Sesampainya dikelas aku memilih tempat duduk yang menurutku nyaman. Baru saja
aku ingin meletakkan tas ku tiba-tiba saja ada orang yang tak ku kenal
meletakkan tasnya di bangku ku.
“Hey! Ini bangku gue, gue duluan
yang disini!” aku kesal.
“Eitss gak bisa, tas gue udah
keburu nempel duluan tuh sama bangku ini” ucapnya.
“Lo siapa sih? Baru dateng udah main
rebut aja. Rese!” aku mulai memasang raut jutekku.
“Mau tau nama gue? Gue Rico,
sorry deh abis gue pengen duduk disini” Rico mengulurkan tangannya.
“Hih!” aku tak menggubris uluran
tangannya dan langsung menaruh tas ku disebelah tempat duduknya karena bangku
yang lain sudah penuh. Aku menarik tangan Bella dan membawanya keluar kelas.
“Kantin yuk, pagi-pagi udah ada
yang bikin bete aja” aku mengomel dan itu membuat Bella malah tertawa.
“Bentar lagi kan masuk Del” ujar
Bella.
“Oh iya lupa!” aku menepuk
keningku.
“Makanya jangan marah-marah
mulu, jadi lupa kan..” kemudian aku dan Bella kembali ke kelas.
Setiap harinya aku dan Rico
selalu bertengkar. Dan sialnya dalam setiap pelajaran kami berdua selalu saja satu
kelompok. Malam itu dia mengirim pesan padaku untuk menanyakan tugas kelompok. Sejak
saat itu aku menjadi sering berkirim pesan dengan Rico dan di sekolah pun kami
mulai akur walaupun terkadang masih suka bertengkar.
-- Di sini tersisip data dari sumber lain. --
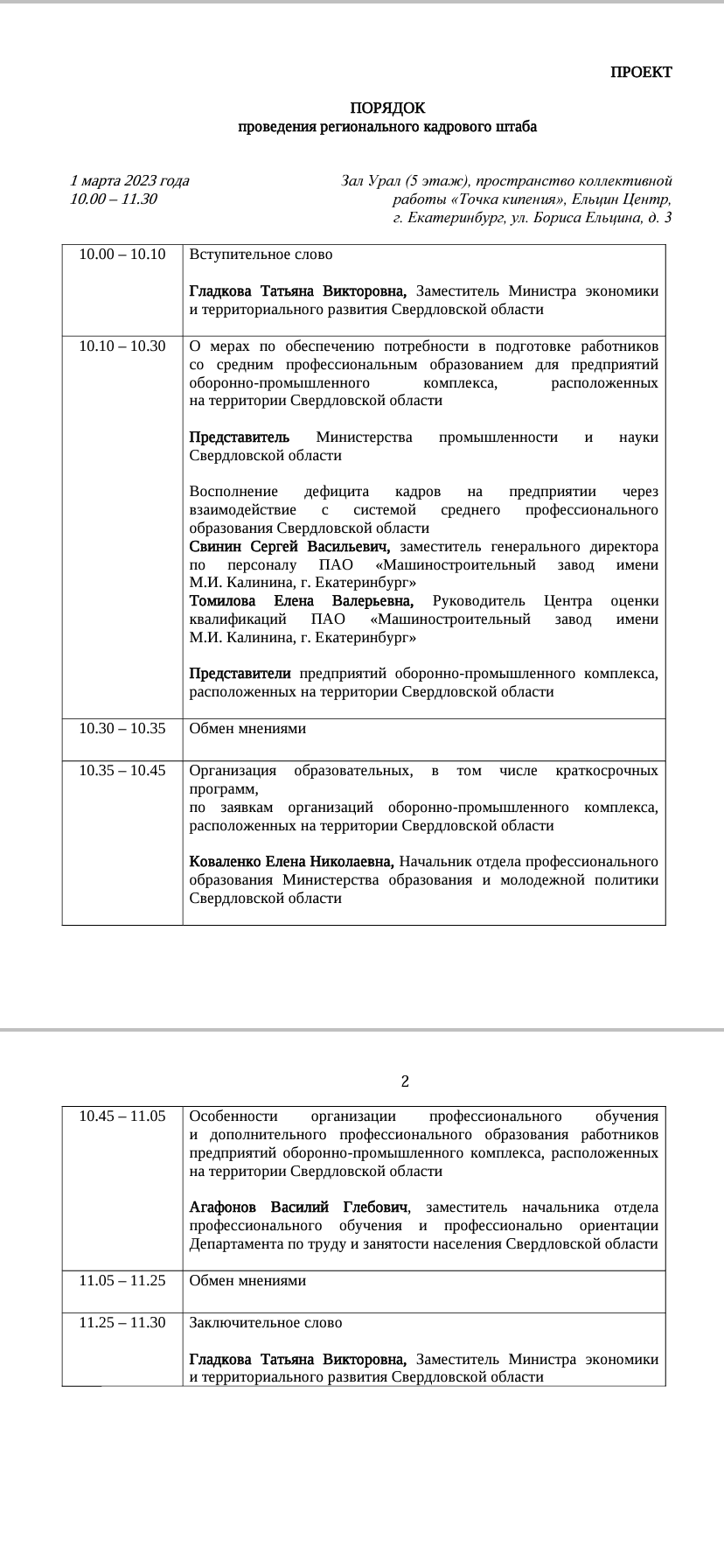 1 March 2023, from 10:00 to 12:00 Yekaterinburg time

Bel istirahat berbunyi,
namun rasanya aku malas sekali bangun dari tempat dudukku.
“Gak jajan lo?” tanya Rico
padaku.
“Males” jawabku singkat.
“Males atau bokek?” Rico tertawa meremehkan.
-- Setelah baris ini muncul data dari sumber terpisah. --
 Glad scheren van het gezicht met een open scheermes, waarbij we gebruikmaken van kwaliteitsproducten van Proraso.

“Rese banget sih!” aku mulai
meninggikan nada suaraku.
“Eh iya, gue mau cerita nih. Lo
bisa jaga rahasia kan?” tiba-tiba saja nada bicara Rico menjadi serius.
“Cerita aja..” jawabku dengan
nada malas.
“Jutek banget, mmm.. gue suka
sama seseorang” ujarnya dengan nada agak berbisik. Sontak aku langsung kaget.
“Siapa? Bisa juga ya lo suka
sama orang” ujarku sambil tertawa kecil.
“Tunggu aja tanggal mainnya..
Udah ah gue mau jajan” Rico kemudian berjalan meninggalkan kelas. Aku diam.
“Apaan sih tuh orang ga nyambung banget” batinku. Tiba-tiba Bella
datang.
“Hey ngelamun aja lo, kesambet
berabe ntar” lagi-lagi Bella mengagetkanku.
“Apaan sih Bel” desahku.
Hampir setiap hari Rico mengirim
pesan dan menceritakan seseorang yang dia suka itu tapi entah kenapa dia enggan
memberitahu namanya. Dan herannya dia selalu perhatian padaku. Sepertinya aku
mulai suka padanya. Tapi sepertinya dia menyukai orang lain. Ah sudahlah, aku
tak mau terlalu berharap. Suatu hari di sekolah Rico menghampiriku dan
menyerahkan selembar kertas gambar padaku.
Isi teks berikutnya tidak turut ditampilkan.